• _Problem description_
Copy out each line of the data that includes the string "précoces".

• _Records contained in a dataset_

----

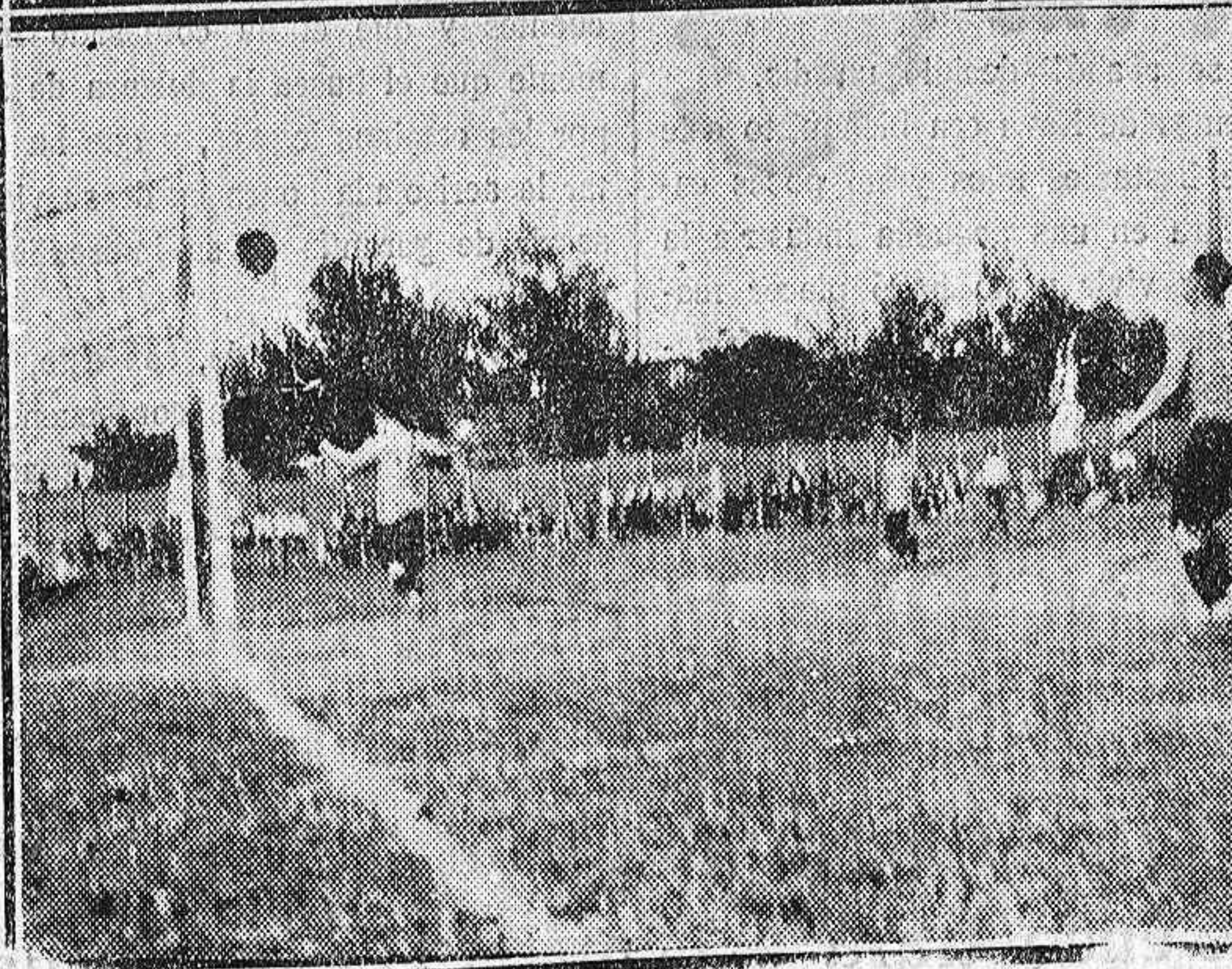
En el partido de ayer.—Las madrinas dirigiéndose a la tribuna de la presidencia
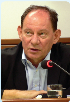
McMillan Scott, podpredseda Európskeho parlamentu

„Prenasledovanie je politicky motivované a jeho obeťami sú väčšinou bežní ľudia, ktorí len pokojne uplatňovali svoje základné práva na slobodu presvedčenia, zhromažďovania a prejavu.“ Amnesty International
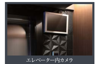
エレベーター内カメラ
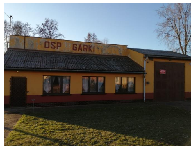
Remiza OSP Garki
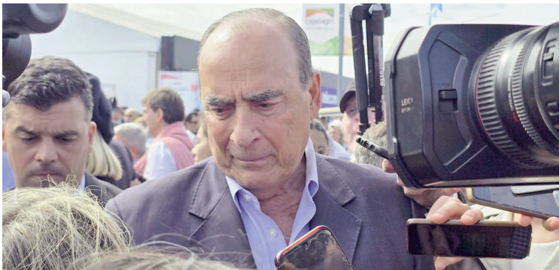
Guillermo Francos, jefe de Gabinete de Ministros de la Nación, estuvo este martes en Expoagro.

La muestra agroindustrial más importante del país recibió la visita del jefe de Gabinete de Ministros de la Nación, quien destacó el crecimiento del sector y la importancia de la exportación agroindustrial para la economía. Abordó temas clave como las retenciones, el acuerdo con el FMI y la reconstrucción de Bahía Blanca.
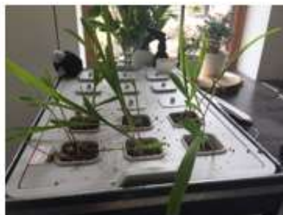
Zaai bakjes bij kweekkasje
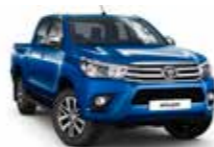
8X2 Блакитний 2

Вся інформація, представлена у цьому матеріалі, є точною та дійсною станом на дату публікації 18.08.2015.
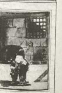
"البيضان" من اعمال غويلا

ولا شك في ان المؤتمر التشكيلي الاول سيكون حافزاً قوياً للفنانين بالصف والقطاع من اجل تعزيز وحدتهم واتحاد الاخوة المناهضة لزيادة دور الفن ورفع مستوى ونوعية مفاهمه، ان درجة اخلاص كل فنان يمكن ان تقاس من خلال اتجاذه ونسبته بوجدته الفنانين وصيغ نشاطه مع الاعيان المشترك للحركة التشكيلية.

----

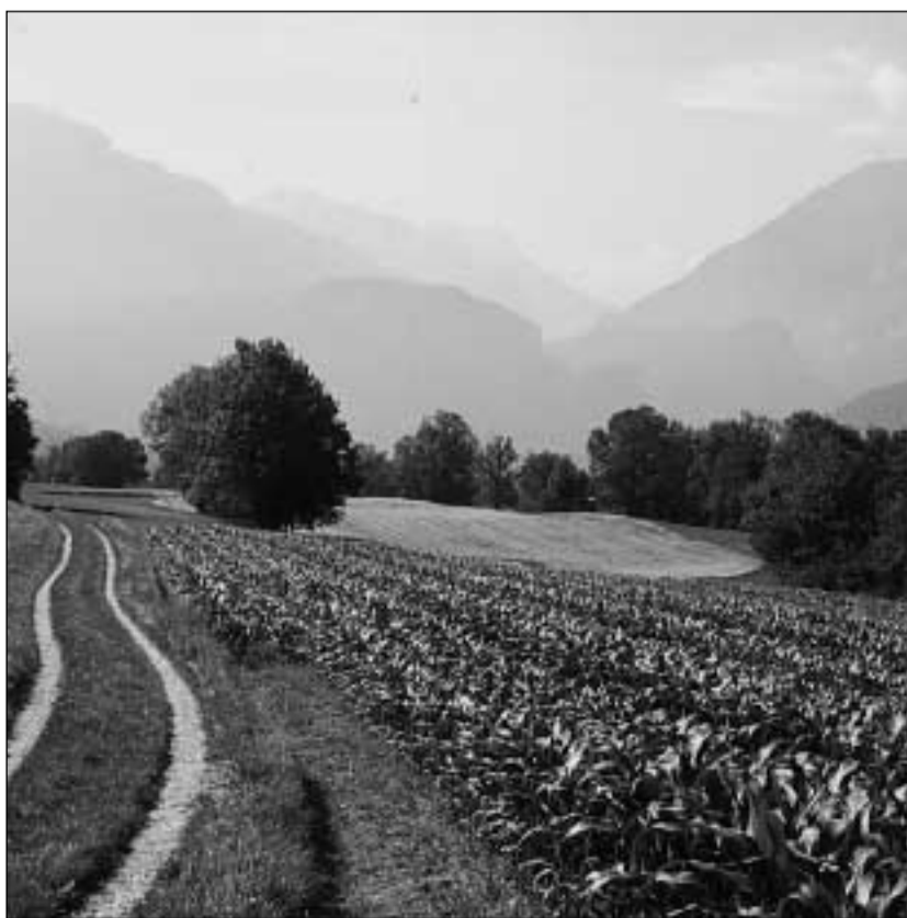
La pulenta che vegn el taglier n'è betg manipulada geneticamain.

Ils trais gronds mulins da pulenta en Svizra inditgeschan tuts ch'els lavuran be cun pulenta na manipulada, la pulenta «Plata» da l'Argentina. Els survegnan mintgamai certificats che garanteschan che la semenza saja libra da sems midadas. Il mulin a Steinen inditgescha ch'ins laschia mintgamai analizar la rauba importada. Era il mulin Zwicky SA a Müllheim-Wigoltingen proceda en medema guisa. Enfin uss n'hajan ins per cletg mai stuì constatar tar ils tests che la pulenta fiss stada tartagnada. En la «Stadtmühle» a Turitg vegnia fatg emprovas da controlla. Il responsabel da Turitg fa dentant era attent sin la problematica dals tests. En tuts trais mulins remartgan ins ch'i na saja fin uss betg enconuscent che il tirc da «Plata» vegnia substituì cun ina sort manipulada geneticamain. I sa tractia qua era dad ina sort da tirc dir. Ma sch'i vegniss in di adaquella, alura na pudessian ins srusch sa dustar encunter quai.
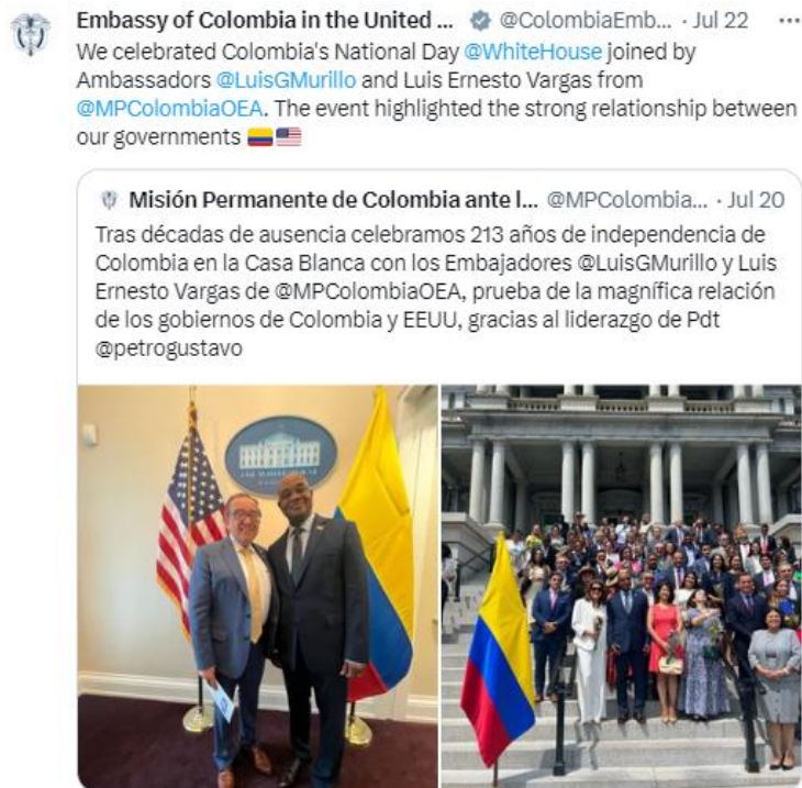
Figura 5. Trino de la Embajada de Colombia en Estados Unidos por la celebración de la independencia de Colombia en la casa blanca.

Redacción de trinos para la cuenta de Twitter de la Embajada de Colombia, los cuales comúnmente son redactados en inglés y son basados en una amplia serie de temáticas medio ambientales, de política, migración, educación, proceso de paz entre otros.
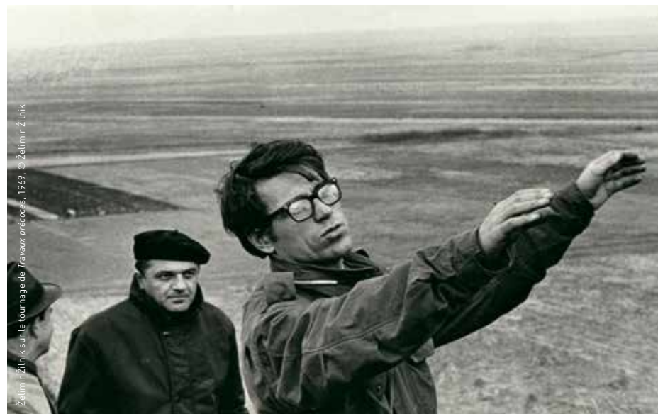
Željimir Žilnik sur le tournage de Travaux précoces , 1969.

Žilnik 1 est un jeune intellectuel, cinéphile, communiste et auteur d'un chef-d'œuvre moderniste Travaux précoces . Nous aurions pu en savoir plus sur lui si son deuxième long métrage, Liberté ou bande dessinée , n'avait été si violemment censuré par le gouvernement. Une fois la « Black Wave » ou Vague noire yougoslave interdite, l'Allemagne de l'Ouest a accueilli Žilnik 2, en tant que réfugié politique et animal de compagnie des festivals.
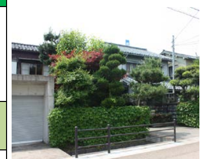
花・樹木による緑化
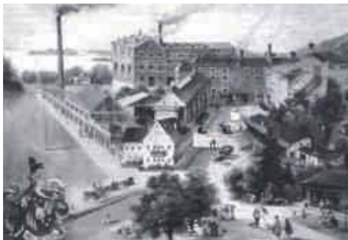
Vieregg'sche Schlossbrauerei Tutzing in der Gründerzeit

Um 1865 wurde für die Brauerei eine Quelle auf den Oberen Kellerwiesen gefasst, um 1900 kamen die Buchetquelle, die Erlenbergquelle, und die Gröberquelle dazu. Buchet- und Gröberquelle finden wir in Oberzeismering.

----

• _Response box_
Željimir Žilnik sur le tournage de Travaux précoces , 1969.
Žilnik 1 est un jeune intellectuel, cinéphile, communiste et auteur d'un chef-d'œuvre moderniste Travaux précoces . Nous aurions pu en savoir plus sur lui si son deuxième long métrage, Liberté ou bande dessinée , n'avait été si violemment censuré par le gouvernement. Une fois la « Black Wave » ou Vague noire yougoslave interdite, l'Allemagne de l'Ouest a accueilli Žilnik 2, en tant que réfugié politique et animal de compagnie des festivals.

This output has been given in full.